┌──

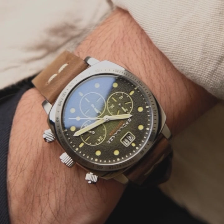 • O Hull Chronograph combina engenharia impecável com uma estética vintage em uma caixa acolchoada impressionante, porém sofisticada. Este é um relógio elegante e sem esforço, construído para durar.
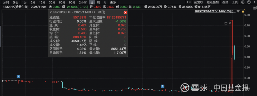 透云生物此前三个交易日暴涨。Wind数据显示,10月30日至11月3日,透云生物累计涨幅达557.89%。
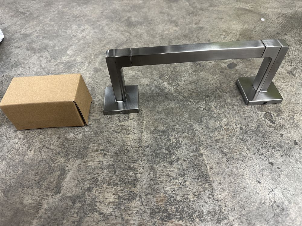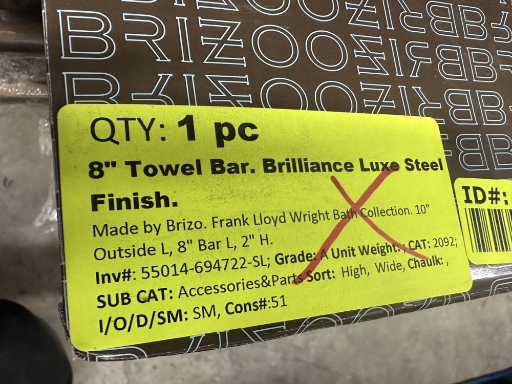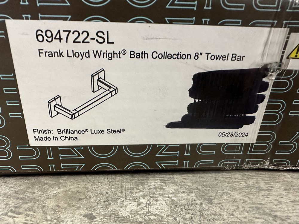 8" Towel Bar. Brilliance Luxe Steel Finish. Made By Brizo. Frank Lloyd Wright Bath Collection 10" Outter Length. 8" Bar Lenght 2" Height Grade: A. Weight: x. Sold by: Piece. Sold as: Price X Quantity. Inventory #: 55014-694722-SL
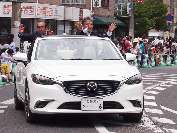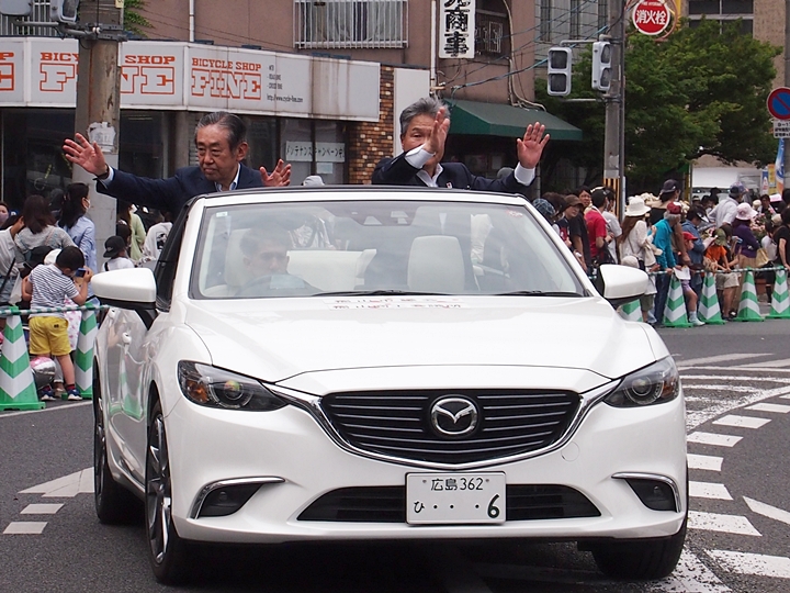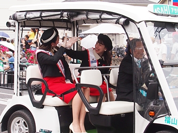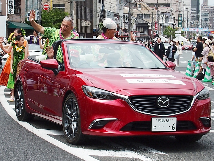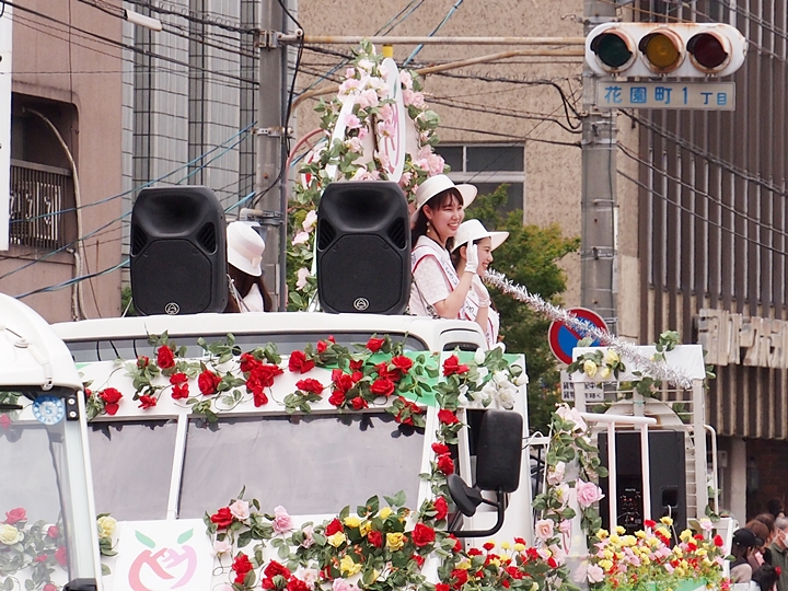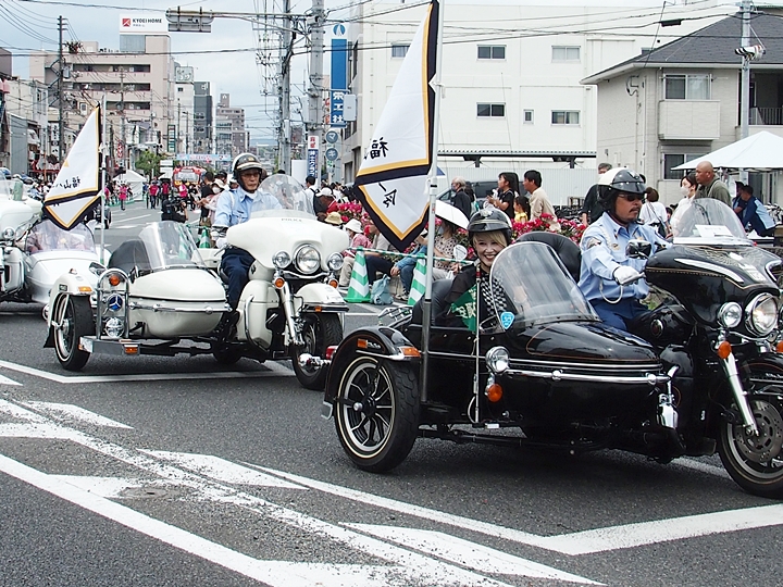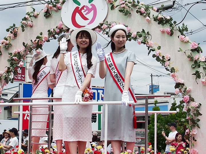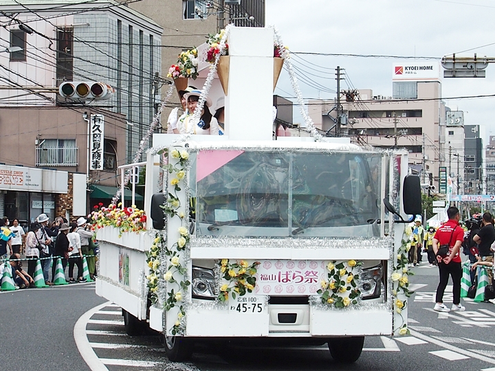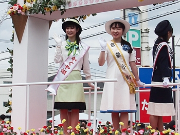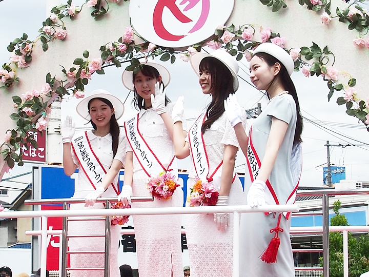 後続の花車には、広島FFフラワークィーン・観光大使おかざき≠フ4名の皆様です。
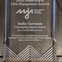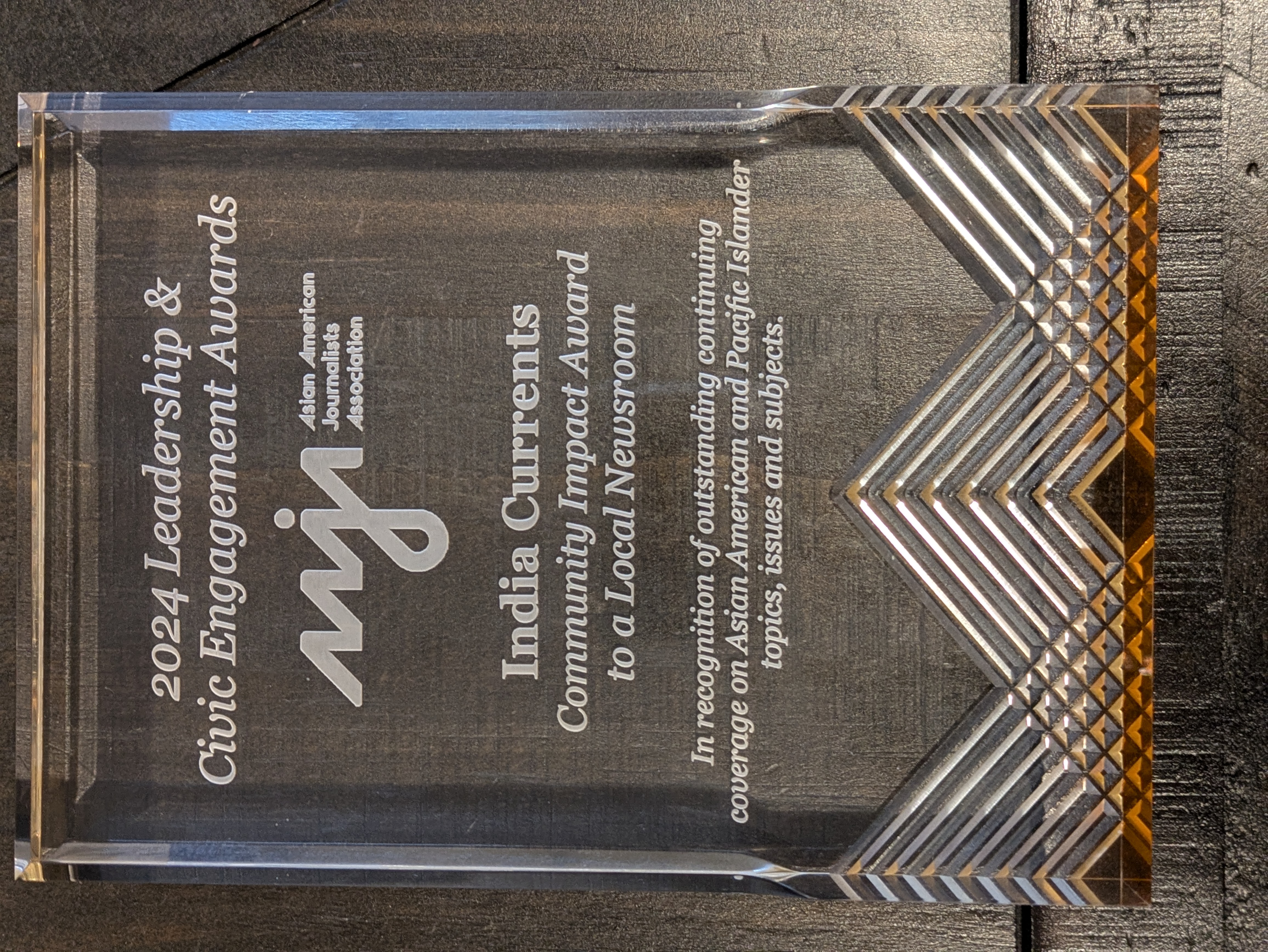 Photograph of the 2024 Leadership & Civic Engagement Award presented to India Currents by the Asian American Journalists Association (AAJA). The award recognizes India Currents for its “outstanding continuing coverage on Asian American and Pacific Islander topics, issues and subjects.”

└──

- What you need to do -
Output the full listing verbatim, but drop the images.

- Response to the task -
 • O Hull Chronograph combina engenharia impecável com uma estética vintage em uma caixa acolchoada impressionante, porém sofisticada. Este é um relógio elegante e sem esforço, construído para durar.
 透云生物此前三个交易日暴涨。Wind数据显示,10月30日至11月3日,透云生物累计涨幅达557.89%。
 8" Towel Bar. Brilliance Luxe Steel Finish. Made By Brizo. Frank Lloyd Wright Bath Collection 10" Outter Length. 8" Bar Lenght 2" Height Grade: A. Weight: x. Sold by: Piece. Sold as: Price X Quantity. Inventory #: 55014-694722-SL
 後続の花車には、広島FFフラワークィーン・観光大使おかざき≠フ4名の皆様です。
 Photograph of the 2024 Leadership & Civic Engagement Award presented to India Currents by the Asian American Journalists Association (AAJA). The award recognizes India Currents for its “outstanding continuing coverage on Asian American and Pacific Islander topics, issues and subjects.”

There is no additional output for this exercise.